Quattry, in the report titled ‘Market Outlook: Nigeria’s New Dawn’ which was published on the bank’s website on Wednesday, disclosed that the last eight years have been difficult for Nigerians.

“Yet for the average Nigerian, the last eight years were incredibly difficult. The interventionist policies of former president Muhammadu Buhari namely, multiple foreign exchange rates and fuel subsidies—led to economic bottlenecks and hindered the private sector’s ability to grow.

“The country was one of the fastest-growing economies in the world from 2001 to 2014, but during Buhari’s term grew only 1.4% on average a poor showing, considering the 2.8% growth in the working-age population. 
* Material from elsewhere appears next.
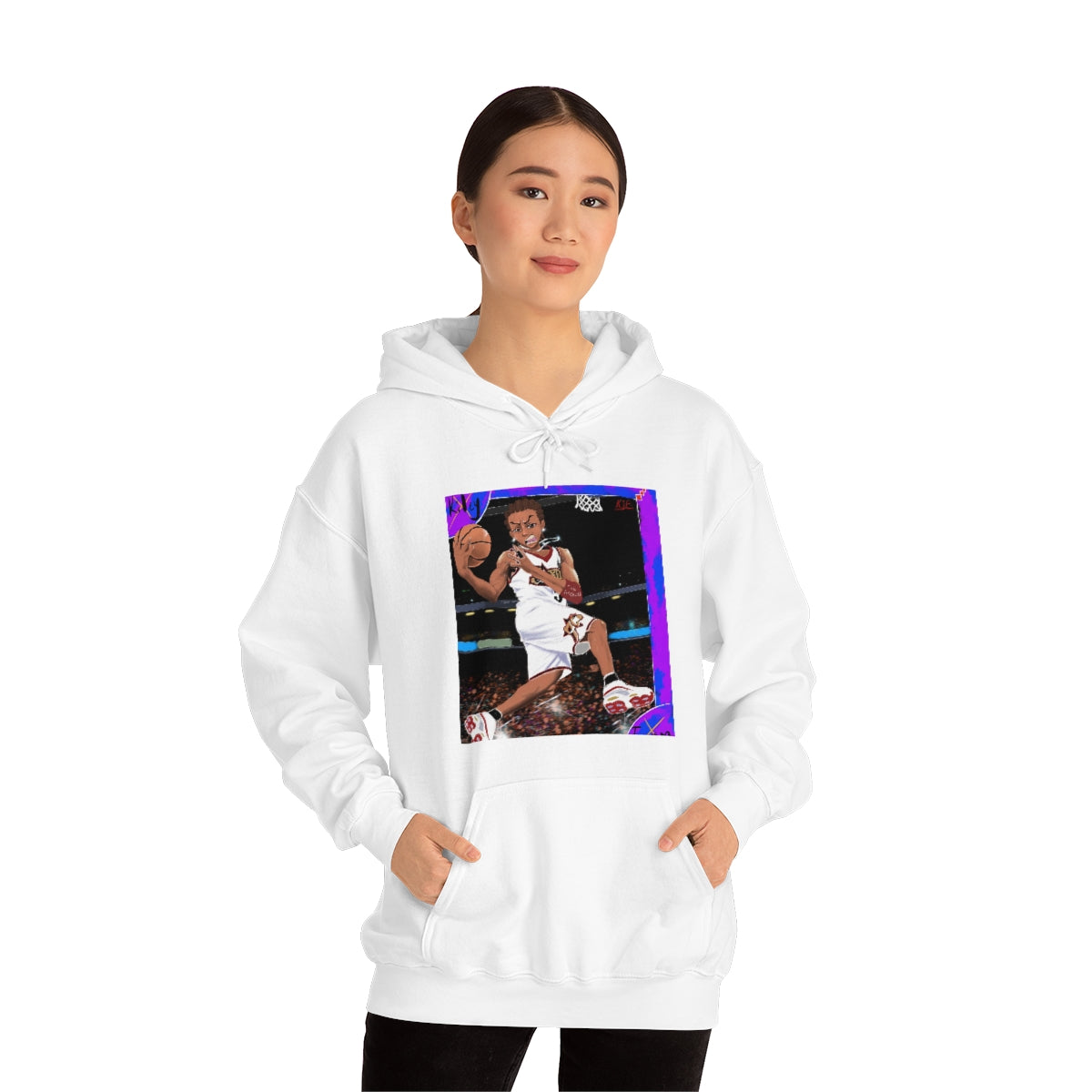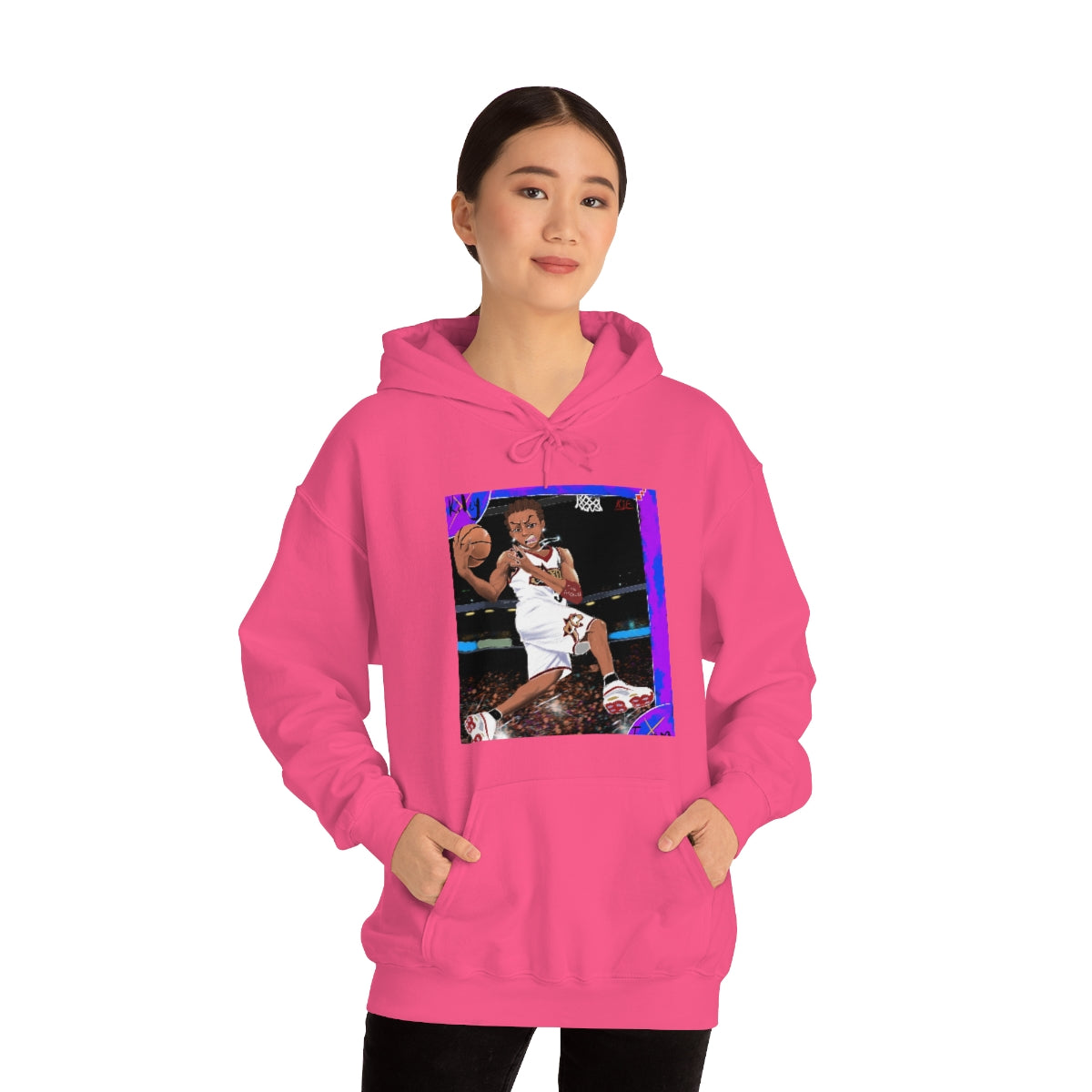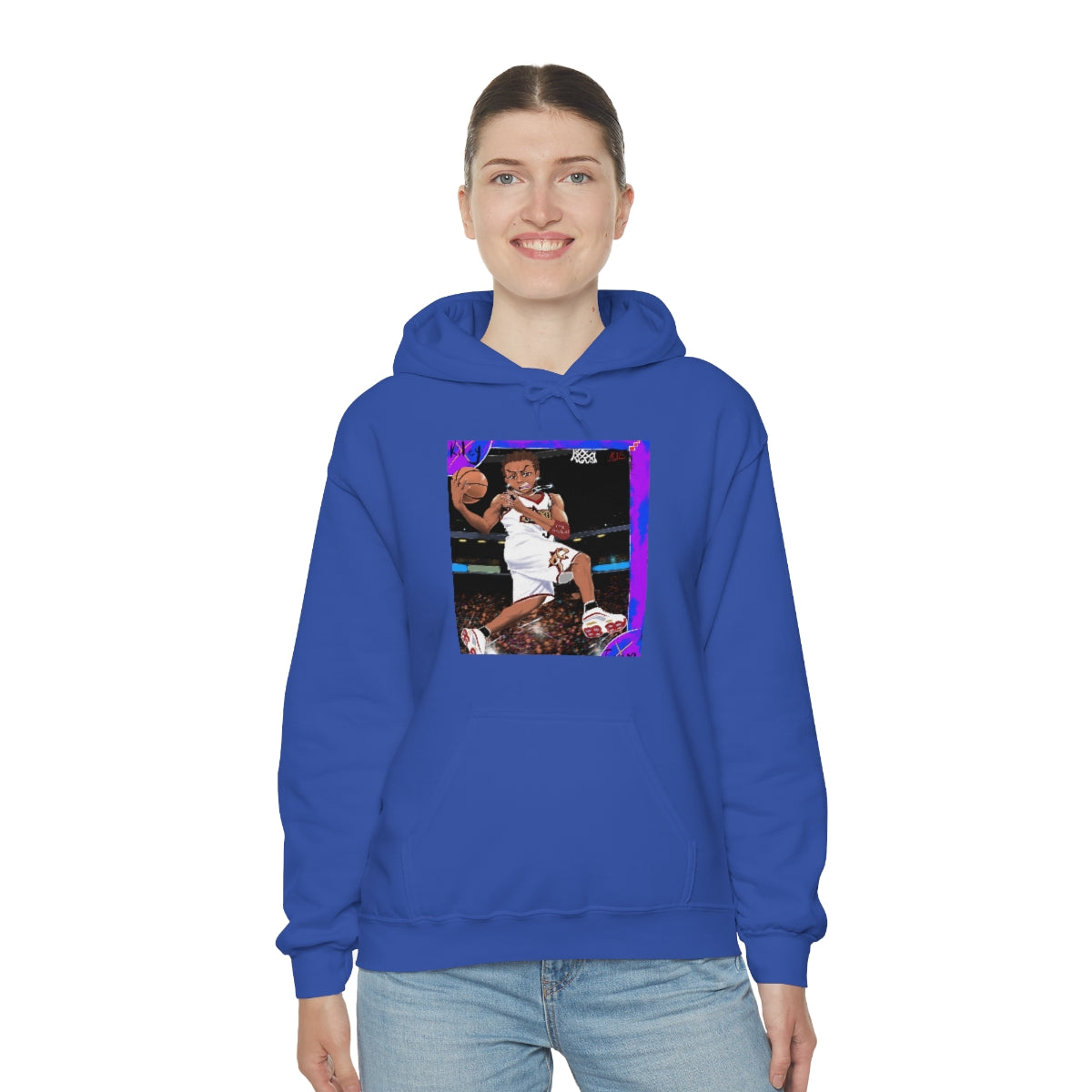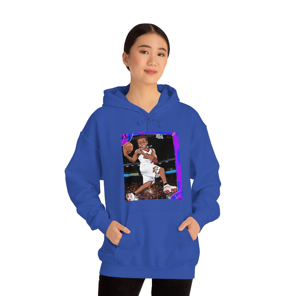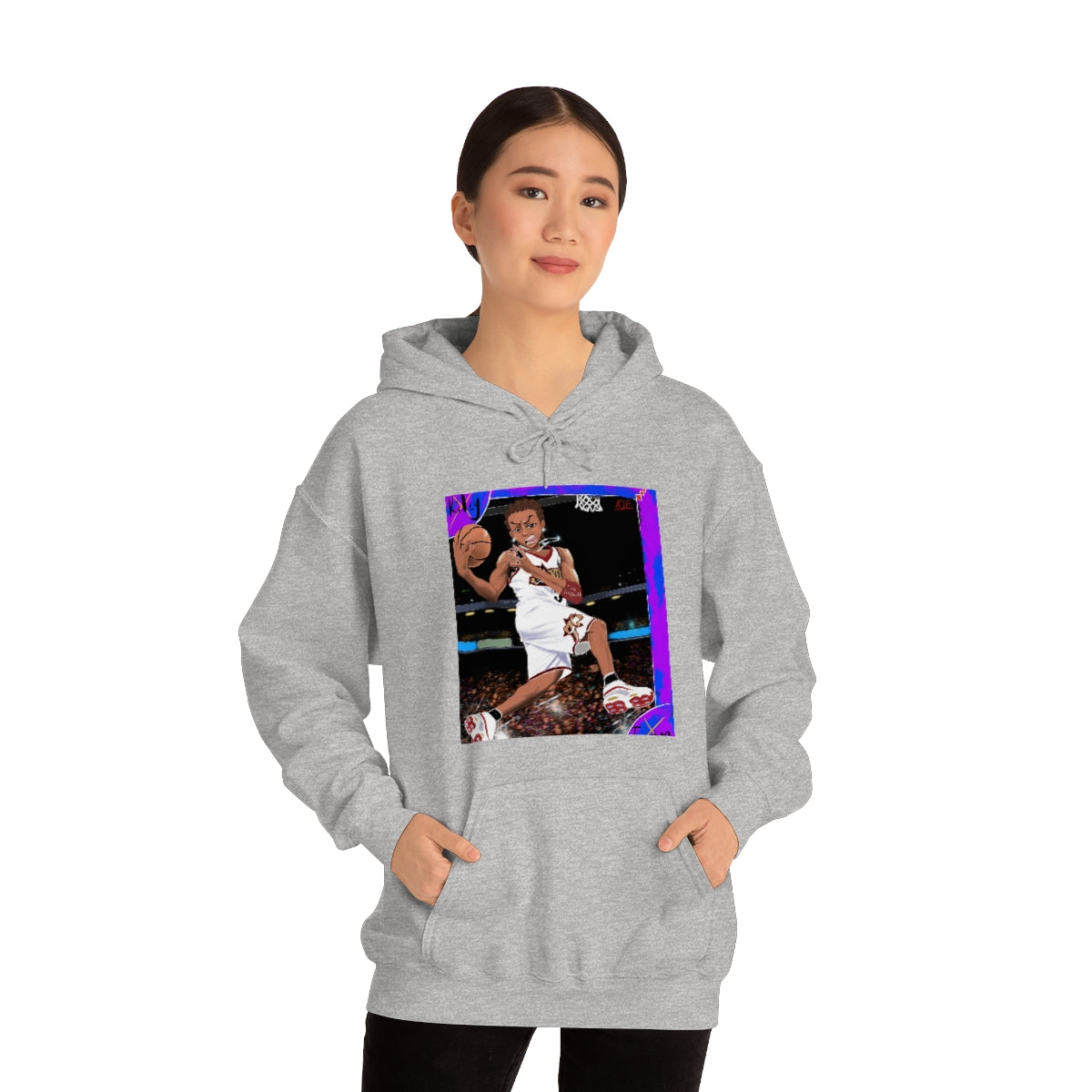 This unisex heavy blend hooded sweatshirt is relaxation itself. Made with a thick blend of cotton and polyester, it feels plush, soft and warm, a perfect choice for any cold day. In the front, the spacious kangaroo pocket adds daily practicality while the hood's drawstring is the same color as the base sweater for extra style points.

READ ALSO:Nigeria already bankrupt under Buhari before Tinubu took over – Ribadu

“Over that same period, the average Nigerian saw their annual income shrink by nearly a third, from $3,222 U.S. dollars to $2,200. By contrast, Kenyans saw their incomes rise by more than 40%.”

The report sees an opportunity for growth in the country’s economy in the next few years once the policies of President Bola Ahmed Tinubu begin to bear fruit.

“In the next two to three years, once the current administration has succeeded in reversing the harmful policies and economic malaise of the past eight years, Nigeria could witness a sharp upturn in economic growth.

This is likely to present investors with opportunities in local equity markets, especially in the telecom, consumer goods and durables sectors”.